触天石上的罡风,整整刮了四年。
这块曾经布满嶙峋尖刺的绝壁青岩,如今硬生生被几个人的血肉与汗水磨得平滑如镜。
四年的光阴,在这片与世隔绝的极寒之巅,将曾经稚嫩的幼苗,彻底浇灌成了足以硬抗九天雷霆的参天巨木。
叶渊负手立在触天石的最边缘。
十一岁的年纪,在这具历经光暗交替、水火重塑的肉身上,完全失去了正常的年龄界限。
他的身形拔高到了近乎成年男子的程度,肩膀宽阔,脊背挺拔。
一袭没有任何修饰的黑色劲装贴合着身躯,勾勒出极具爆炸力却又毫不臃肿的肌肉线条。
狂风呼啸着撞向他的身体,却在距离他衣角还有半寸的地方,被一种无形的力场蛮横地从中切开,向两侧滑落。
他微微侧过头,下颌线的轮廓锋利得犹如刀削。
黑白分明的深邃眼眸中,四色流光早已彻底内敛。
褪去了七岁时的那份冷硬与锋芒毕露,取而代之的是一种令人窒息的渊渟岳峙。
俊美却极具侵略性,仅仅是站在那里,便镇压了这方天地所有的桀骜。
在他的身后三步外,安静地站着四个人。
左侧,霍雨浩。
十一岁的男孩个头窜得飞快,原本瘦弱的骨架完全被结实的肌肉填满。
他的双手自然下垂,指节处隐隐透着不正常的苍白。
那双眼睛里的怯懦早就被极北的冰雪彻底冻杀,取而代之的是极致的冷静。
右侧,雪璃。
时间在她的身上留下了最为惊艳的痕迹。
白发及腰,雪衣无尘。
她那具化形重修的躯体已经出落得亭亭玉立,天蓝色的眼眸中,极北之主的无上威严与人类少女的清冷完美地糅合在一起。
她周围的地面上,始终覆盖着一层终年不化的薄霜。
而在两人正后方,站着一个身形魁梧、满脸坚毅的短发少年。
龙傲天,十四岁。
如果抛开叶渊这个根本不属于常理的妖孽不谈,龙傲天才是本体宗这一代名副其实的最强传人,天生皮肤武魂白银级觉醒的绝世天才。
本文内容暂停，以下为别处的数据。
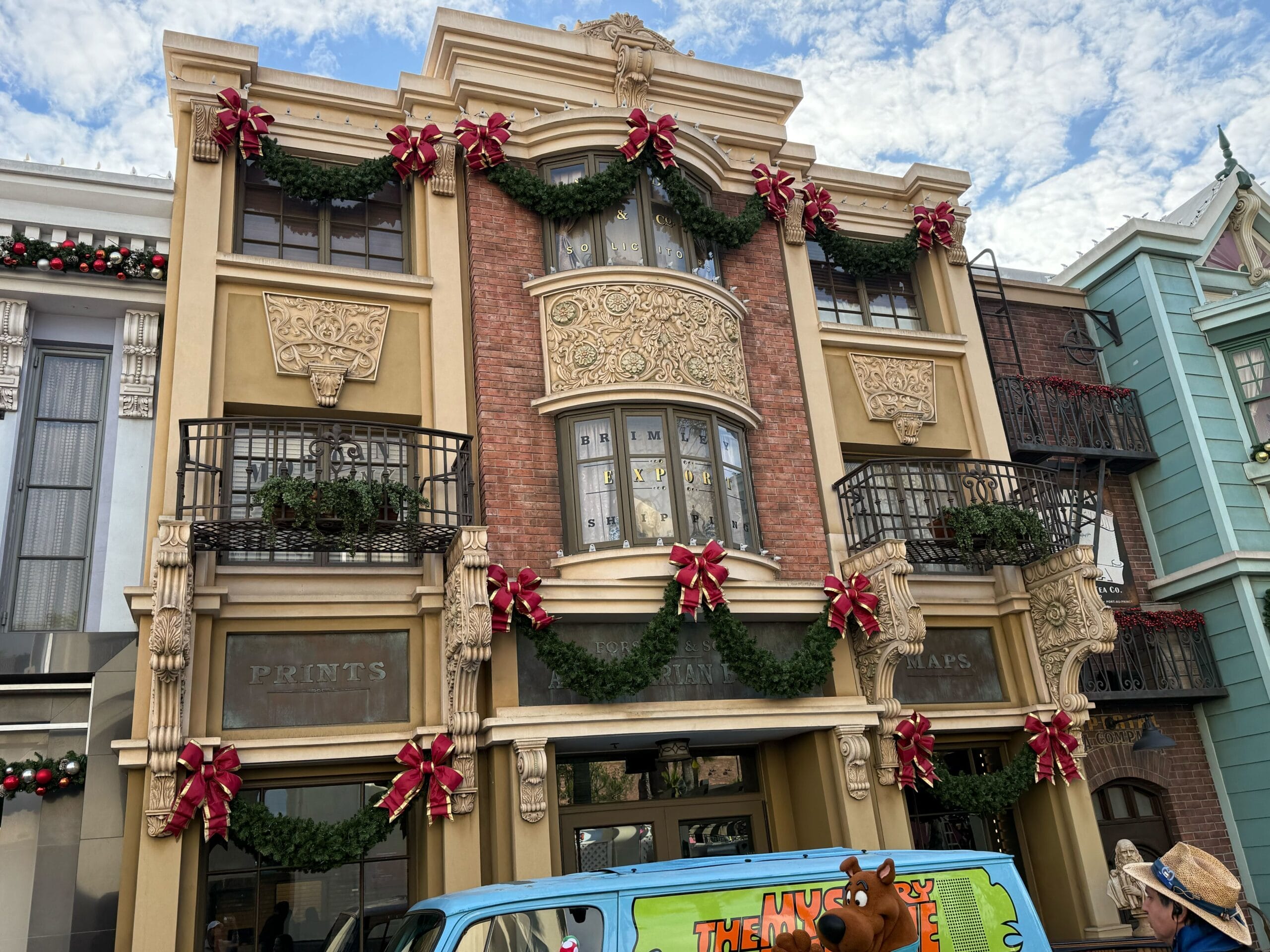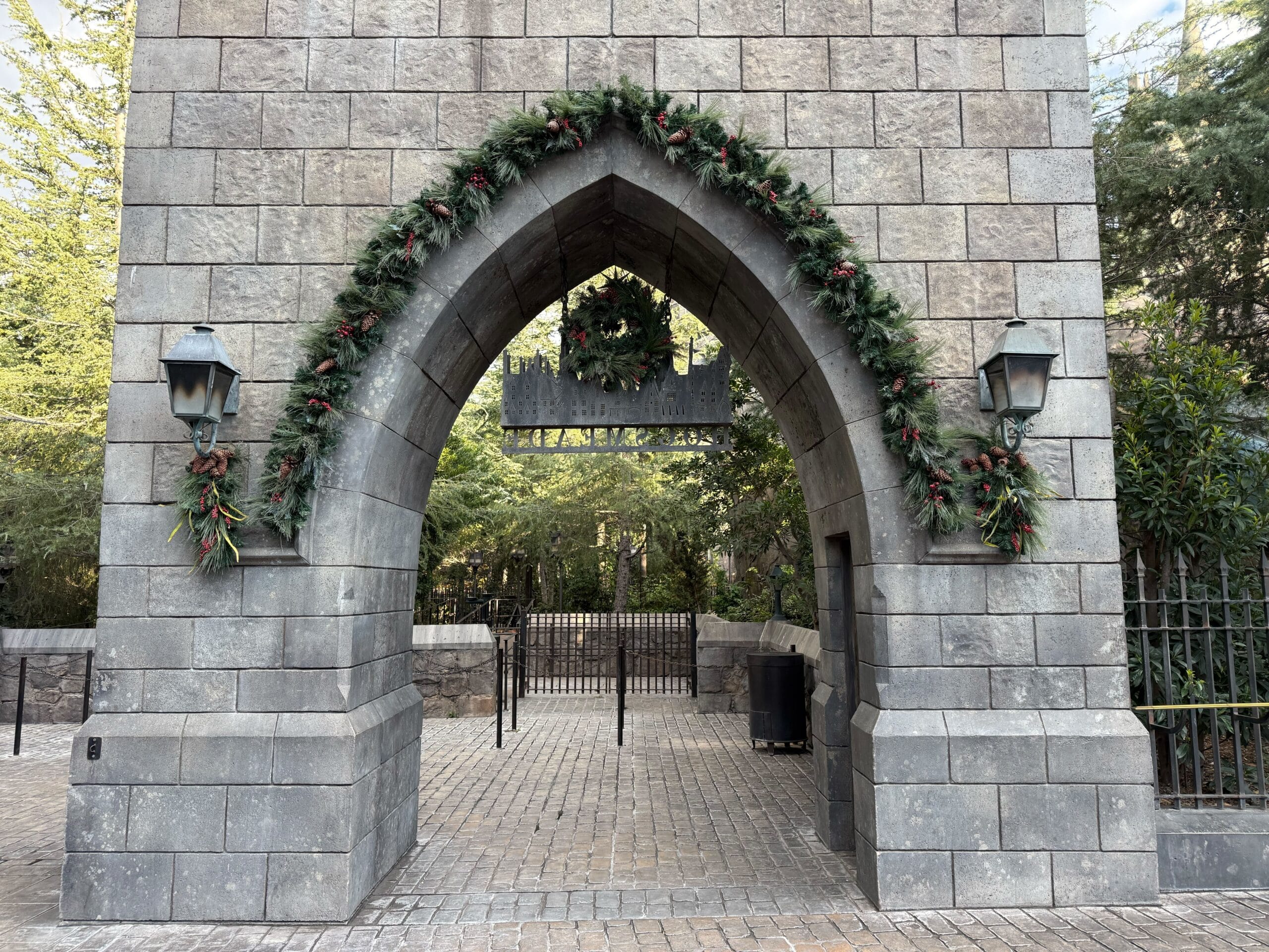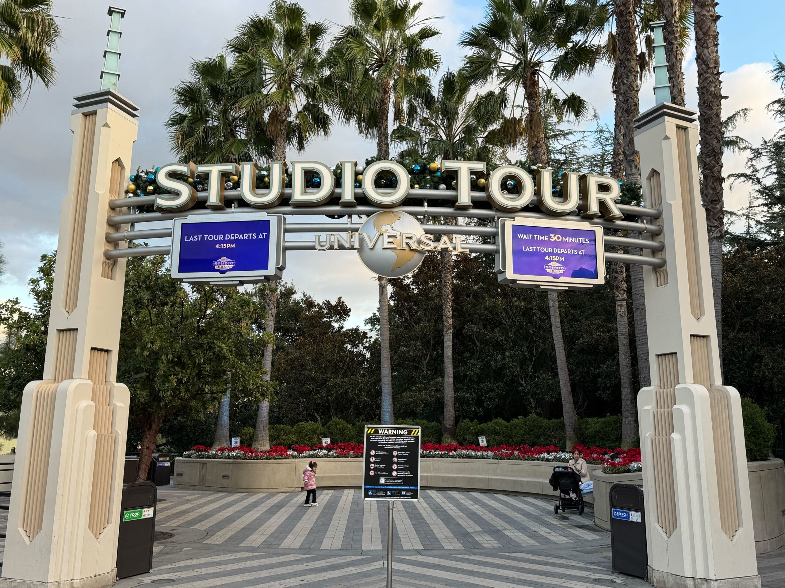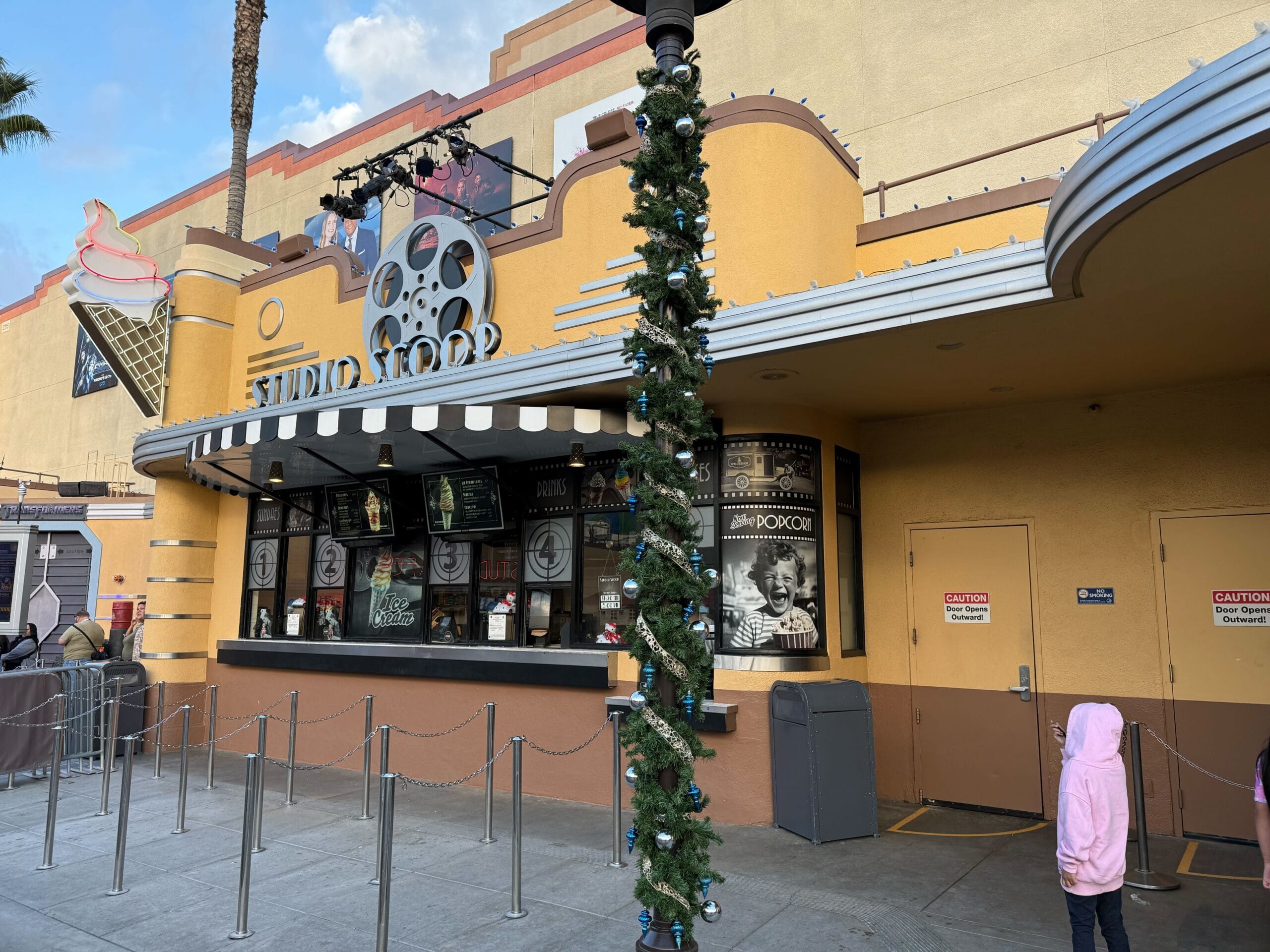 The entrance archway to the World-Famous Studio Tour has garland behind its sign. It’s adorned with blue, silver, and gold ornaments.

一年前,龙傲天从外面历练归来,意气风发地踏上触天石,向那个传闻中被宗主宠上天的七岁少宗主发起了挑战。
那场切磋,没有惊动任何人。
结果是,叶渊连本我武魂都没有释放,单凭一只燃烧着琉璃火种的左手,便硬生生撕开了龙傲天引以为傲的防御,将他整个人死死按在触天石上,连一根手指都动弹不得。
绝对的暴力,绝对的碾压。
那天之后,这位本体宗最桀骜的硬汉,在触天石上跪了整整一夜,任凭罡风将后背刮得鲜血淋漓。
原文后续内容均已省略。